Harvested cells were washed with PBS and then lysed with RIPA lysis buffer containing protease inhibitor cocktail (BioVision, Milpitas, CA, USA) and PMSF. Protein concentrations were determined using BCATM Protein Assay Reagent (Pierce, IL, USA). Equal amounts of protein were separated by 7.5%–15% SDS-PAGE and transferred to a polyvinylidene difluoride (PVDF) membrane (Merck Millipore, Darmstadt, Germany) using glycine transfer buffer (192 mM glycine, 25 mM Tris-HCl (pH 8.8), and 20% (v/v) methanol). After blocking with 5% skim milk, the membrane was incubated for 2 h with primary antibodies and then for 30 min with secondary antibodies in milk containing Tris-buffered saline and 0.1% Tween 20. The membrane was then exposed to X-ray film (AGFA, Mortsel, Belgium) and the protein bands were detected using the WEST-ZOL^® plus Western Blot Detection System (iNtRON, Gyeonggi-do, Korea).

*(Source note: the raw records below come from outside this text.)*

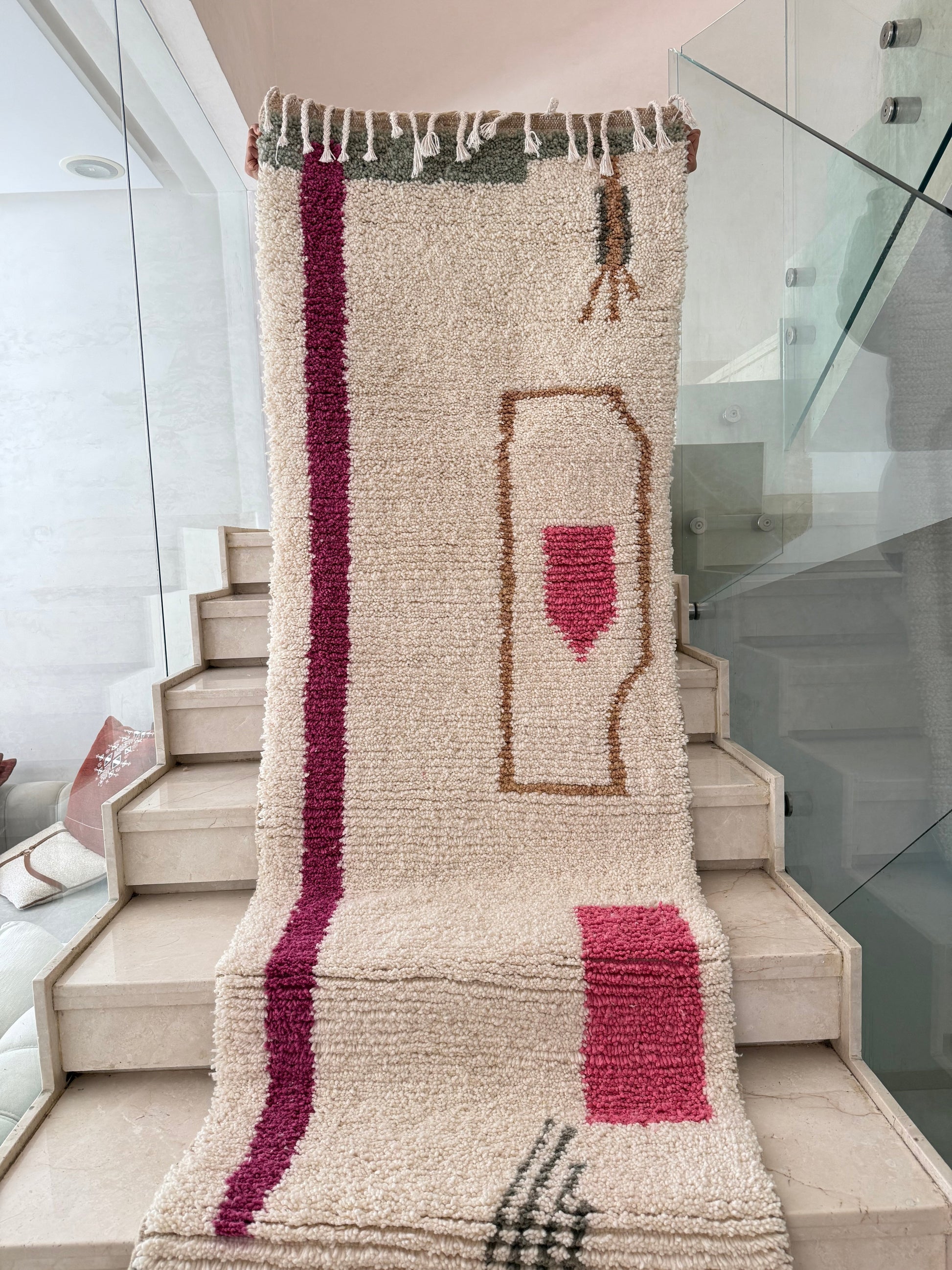 Tapis Berbère Runner Azilal 100% Crème, Fushia et gris en Laine De Mouton- 2,86m /79cm
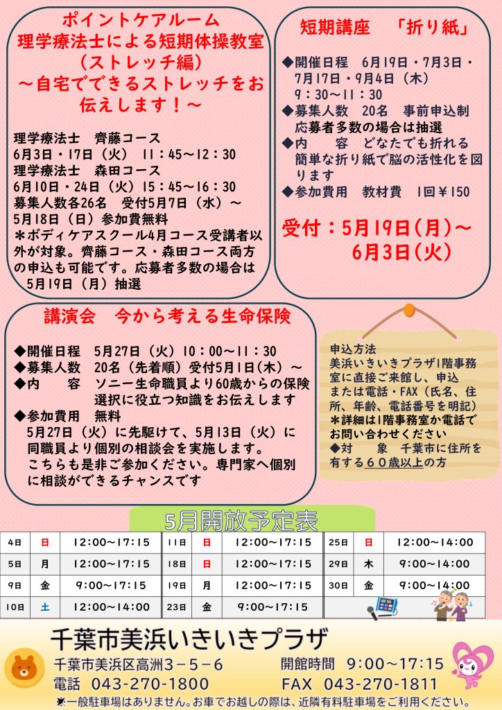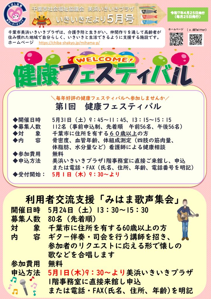 千葉市社会福祉協議会 美浜いきいきプラザ いきいきだより5月号掲載します。 2025年4月25日 最終更新日時 : 2025年5月30日 kouhou 千葉市美浜いきいきプラザは、介護予防と生きがい、仲間づくりを通して高齢者が住み慣れた地域で自分らしく、いきいきと生活できるように支援する施設です。
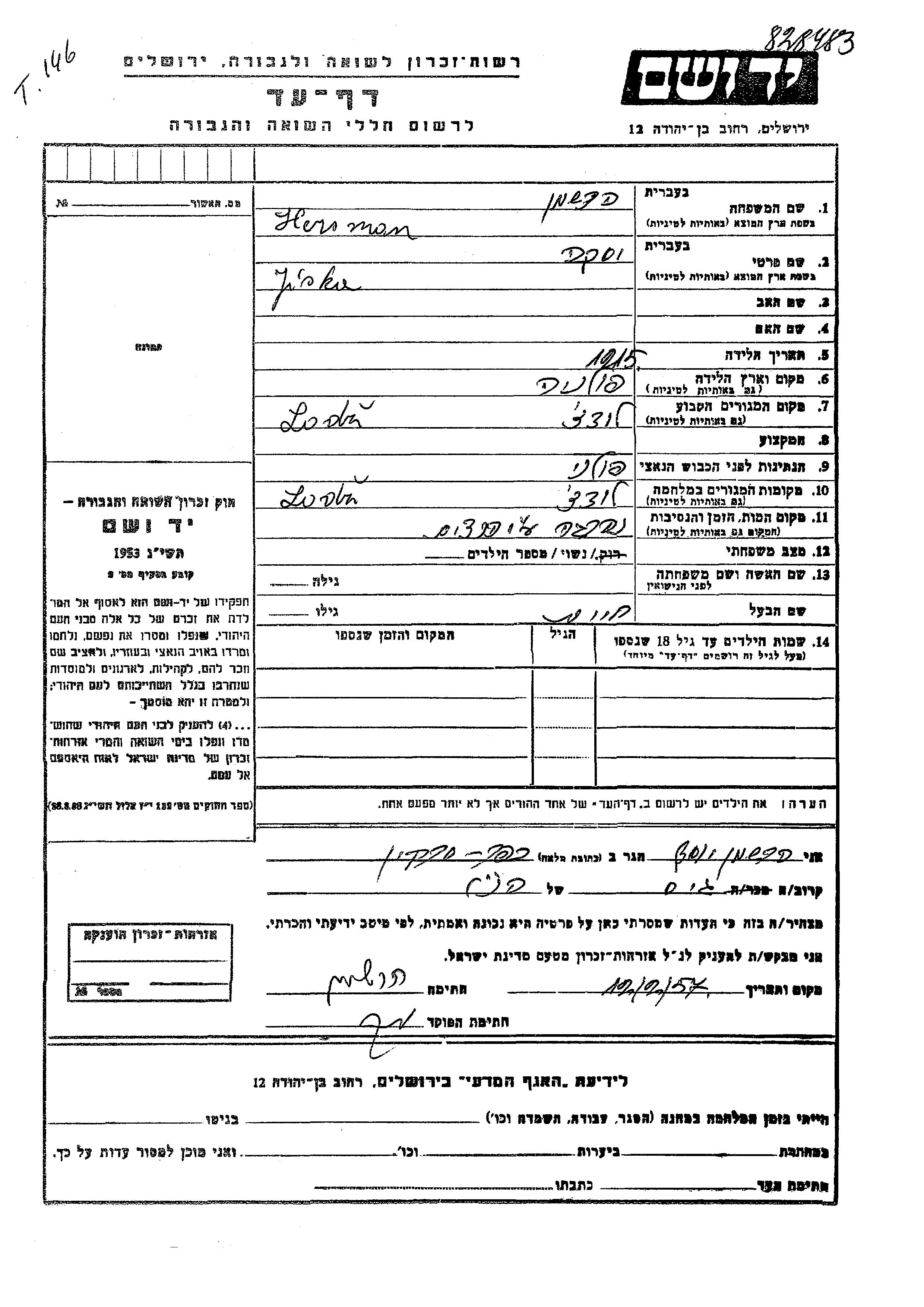 עיר/כפר, גטו/מחנה או אתר רצח או מחוז/אזור או מדינה. שם מקום ניתן לחפש רק בא-ב לטיני.
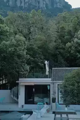 Six standalone stone houses are built along the mountain, blending seamlessly with the surrounding scenery. The public area has an outdoor swimming pool, and each room comes with a private hot spring. Stone paths crisscross between the courtyards, with streams flowing gently, allowing one to feel the rhythm of nature at any time.

Cell growth inhibition was examined using an MTT assay. SNU-16 was seeded in 96-well culture plates (5 × 10⁴ cells/mL). After incubation overnight, the cells were treated with 40 µM chloroquine (CQ) and 25 µM nobiletin (NT). Next, 0.1 mg of MTT was added to each well and the cells were incubated at 37 °C for 4 h. The medium was removed and 150 µL of DMSO was then added to each well to dissolve the formazan crystals. The absorbance at 570 nm was measured using a microplate reader (Tecan, Salzburg, Austria).

For cell cycle distribution analysis, cells (5 × 10⁴ mL) were plated and left untreated or treated with samples for 24 h. The cells were then collected, fixed in 70% ethanol, washed in 2 mM EDTA in phosphate-buffered saline (PBS), resuspended in 1 mL of PBS containing 1 mg/mL RNase and 50 mg/mL PI, and incubated at 37 °C in the dark for 30 min. The DNA content was analyzed using a FACScan flow cytometer (BD Biosciences, San Jose, CA, USA). The population of cells in each cell cycle phase was determined using CellQuest software (BD Dickson, Franklin Lakes, NJ, USA). The sub-G1 population showed apoptosis-associated chromatin degradation.

All experiments were repeated at least three times. The data are expressed as means ± standard deviation (SD). A statistical analysis was performed using one-way analysis of variance (ANOVA); values of * p < 0.01 were considered to indicate statistical significance.